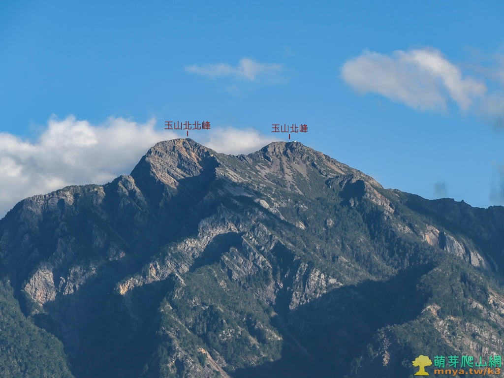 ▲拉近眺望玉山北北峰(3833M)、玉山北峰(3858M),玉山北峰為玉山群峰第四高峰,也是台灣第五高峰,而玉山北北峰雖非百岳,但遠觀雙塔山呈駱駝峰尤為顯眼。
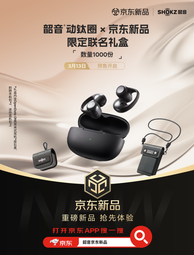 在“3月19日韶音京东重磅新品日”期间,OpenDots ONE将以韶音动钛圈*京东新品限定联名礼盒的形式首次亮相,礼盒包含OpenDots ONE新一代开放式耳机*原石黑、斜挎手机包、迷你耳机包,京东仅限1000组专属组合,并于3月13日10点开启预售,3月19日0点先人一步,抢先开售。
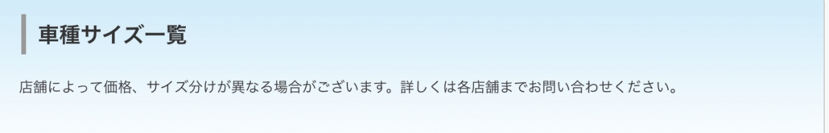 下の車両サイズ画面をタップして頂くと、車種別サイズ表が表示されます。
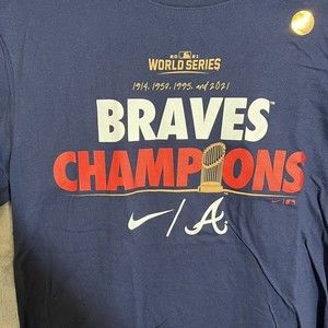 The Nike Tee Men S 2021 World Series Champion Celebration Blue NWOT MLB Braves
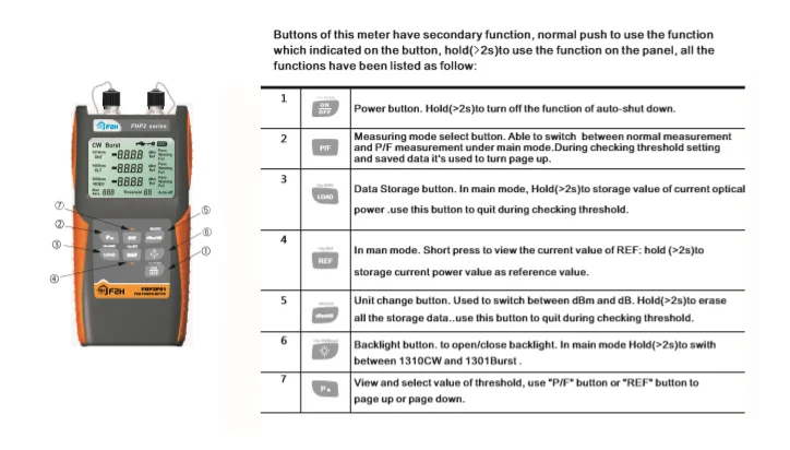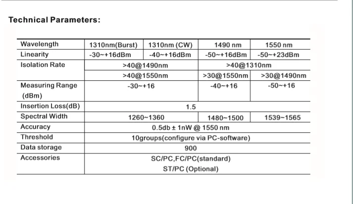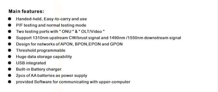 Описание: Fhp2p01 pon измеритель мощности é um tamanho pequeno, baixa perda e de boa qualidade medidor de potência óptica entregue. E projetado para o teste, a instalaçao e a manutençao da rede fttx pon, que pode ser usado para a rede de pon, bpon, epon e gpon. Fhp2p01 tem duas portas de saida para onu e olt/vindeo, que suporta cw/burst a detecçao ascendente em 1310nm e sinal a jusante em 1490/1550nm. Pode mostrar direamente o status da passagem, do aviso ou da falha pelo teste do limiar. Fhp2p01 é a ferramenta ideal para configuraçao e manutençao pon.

## [Assignment]
Restate the records above in full, word for word. Keep pictures out.

## [Result of this exercise]
 ▲拉近眺望玉山北北峰(3833M)、玉山北峰(3858M),玉山北峰為玉山群峰第四高峰,也是台灣第五高峰,而玉山北北峰雖非百岳,但遠觀雙塔山呈駱駝峰尤為顯眼。
 在“3月19日韶音京东重磅新品日”期间,OpenDots ONE将以韶音动钛圈*京东新品限定联名礼盒的形式首次亮相,礼盒包含OpenDots ONE新一代开放式耳机*原石黑、斜挎手机包、迷你耳机包,京东仅限1000组专属组合,并于3月13日10点开启预售,3月19日0点先人一步,抢先开售。
 下の車両サイズ画面をタップして頂くと、車種別サイズ表が表示されます。
 The Nike Tee Men S 2021 World Series Champion Celebration Blue NWOT MLB Braves
 Описание: Fhp2p01 pon измеритель мощности é um tamanho pequeno, baixa perda e de boa qualidade medidor de potência óptica entregue. E projetado para o teste, a instalaçao e a manutençao da rede fttx pon, que pode ser usado para a rede de pon, bpon, epon e gpon. Fhp2p01 tem duas portas de saida para onu e olt/vindeo, que suporta cw/burst a detecçao ascendente em 1310nm e sinal a jusante em 1490/1550nm. Pode mostrar direamente o status da passagem, do aviso ou da falha pelo teste do limiar. Fhp2p01 é a ferramenta ideal para configuraçao e manutençao pon.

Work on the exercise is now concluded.